● **STUDY MATERIAL**:
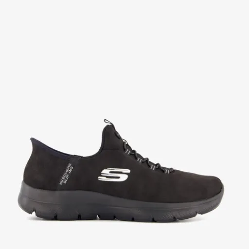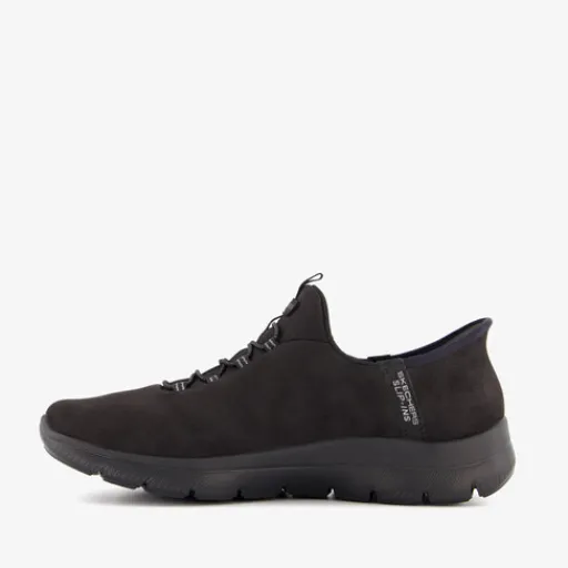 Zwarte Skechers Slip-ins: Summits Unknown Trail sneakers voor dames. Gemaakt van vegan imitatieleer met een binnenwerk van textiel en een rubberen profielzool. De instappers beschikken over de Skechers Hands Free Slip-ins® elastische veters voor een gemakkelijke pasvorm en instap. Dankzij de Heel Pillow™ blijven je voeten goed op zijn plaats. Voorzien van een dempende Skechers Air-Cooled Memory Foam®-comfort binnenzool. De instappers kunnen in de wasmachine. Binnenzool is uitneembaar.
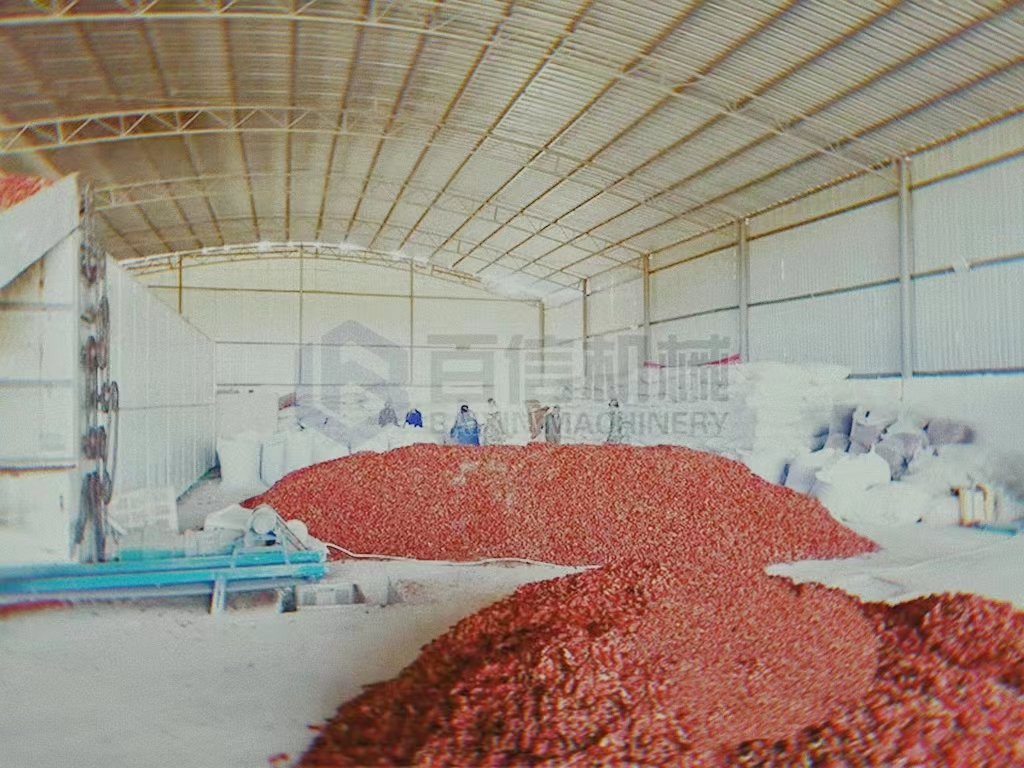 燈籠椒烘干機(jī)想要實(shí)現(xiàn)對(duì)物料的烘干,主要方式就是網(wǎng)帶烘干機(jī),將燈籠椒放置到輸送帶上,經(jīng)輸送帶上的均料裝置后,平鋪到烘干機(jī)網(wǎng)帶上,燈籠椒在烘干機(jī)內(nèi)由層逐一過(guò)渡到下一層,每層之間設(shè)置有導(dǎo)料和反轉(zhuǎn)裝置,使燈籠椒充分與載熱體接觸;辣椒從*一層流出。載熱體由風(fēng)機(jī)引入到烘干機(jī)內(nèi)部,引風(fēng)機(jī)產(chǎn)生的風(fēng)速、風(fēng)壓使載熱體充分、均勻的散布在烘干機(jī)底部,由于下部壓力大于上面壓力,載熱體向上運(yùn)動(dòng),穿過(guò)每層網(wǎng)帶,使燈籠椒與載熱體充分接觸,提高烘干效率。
* * *
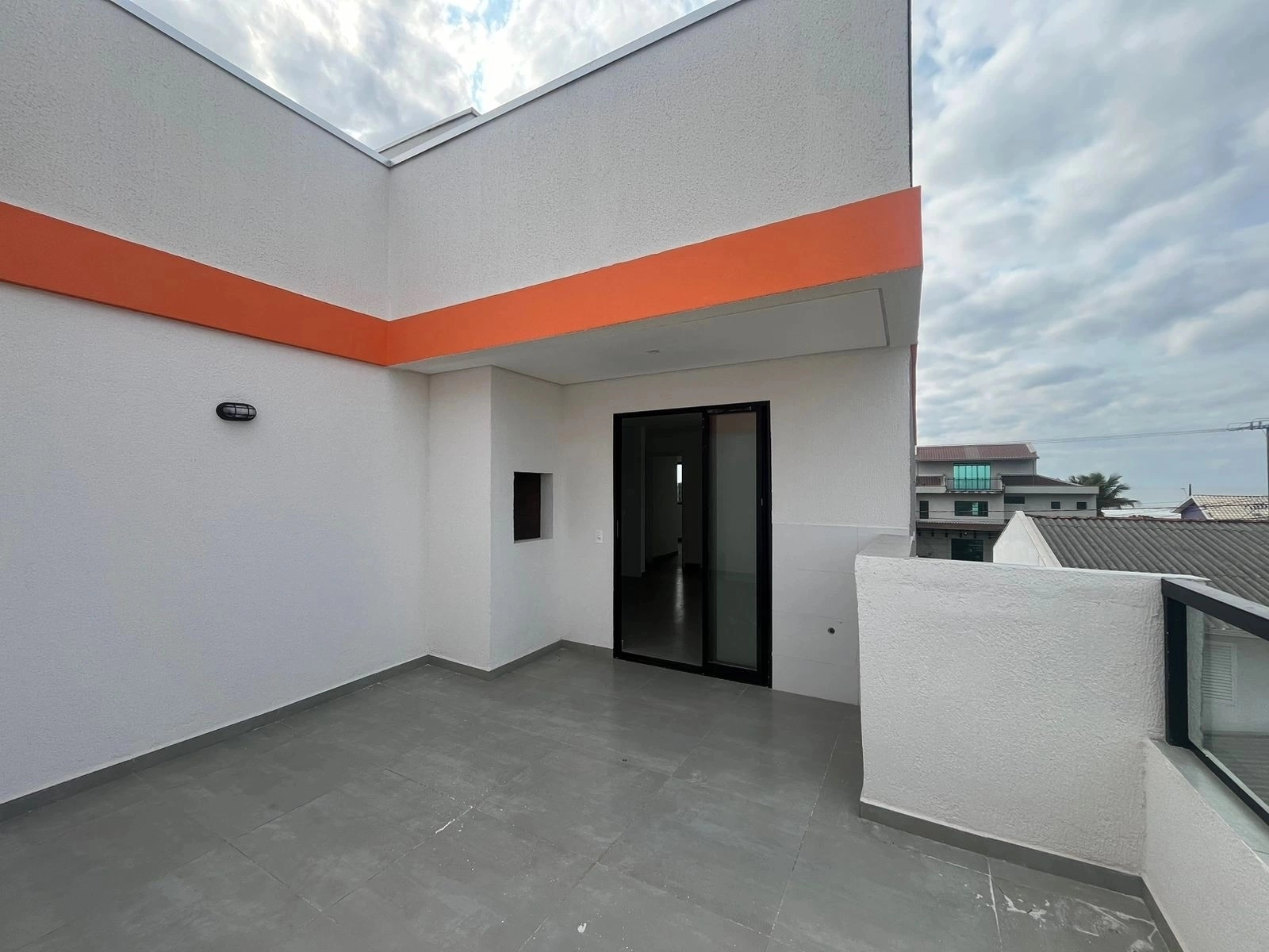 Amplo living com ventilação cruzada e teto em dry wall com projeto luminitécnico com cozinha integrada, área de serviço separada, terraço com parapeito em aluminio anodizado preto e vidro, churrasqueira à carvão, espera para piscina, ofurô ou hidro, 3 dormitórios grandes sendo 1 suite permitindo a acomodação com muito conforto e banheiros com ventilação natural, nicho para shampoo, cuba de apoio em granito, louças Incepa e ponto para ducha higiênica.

● **EXERCISE PROMPT**:
Starting from the line with "Zwarte Skechers Slip-ins: Summits" in the records above, repeat each line exactly until you have written the line with "燈籠椒烘干機(jī)想要實(shí)現(xiàn)對(d", then stop; drop the pictures.

● **RESULT FOR THIS TASK**:
 Zwarte Skechers Slip-ins: Summits Unknown Trail sneakers voor dames. Gemaakt van vegan imitatieleer met een binnenwerk van textiel en een rubberen profielzool. De instappers beschikken over de Skechers Hands Free Slip-ins® elastische veters voor een gemakkelijke pasvorm en instap. Dankzij de Heel Pillow™ blijven je voeten goed op zijn plaats. Voorzien van een dempende Skechers Air-Cooled Memory Foam®-comfort binnenzool. De instappers kunnen in de wasmachine. Binnenzool is uitneembaar.
 燈籠椒烘干機(jī)想要實(shí)現(xiàn)對(duì)物料的烘干,主要方式就是網(wǎng)帶烘干機(jī),將燈籠椒放置到輸送帶上,經(jīng)輸送帶上的均料裝置后,平鋪到烘干機(jī)網(wǎng)帶上,燈籠椒在烘干機(jī)內(nèi)由層逐一過(guò)渡到下一層,每層之間設(shè)置有導(dǎo)料和反轉(zhuǎn)裝置,使燈籠椒充分與載熱體接觸;辣椒從*一層流出。載熱體由風(fēng)機(jī)引入到烘干機(jī)內(nèi)部,引風(fēng)機(jī)產(chǎn)生的風(fēng)速、風(fēng)壓使載熱體充分、均勻的散布在烘干機(jī)底部,由于下部壓力大于上面壓力,載熱體向上運(yùn)動(dòng),穿過(guò)每層網(wǎng)帶,使燈籠椒與載熱體充分接觸,提高烘干效率。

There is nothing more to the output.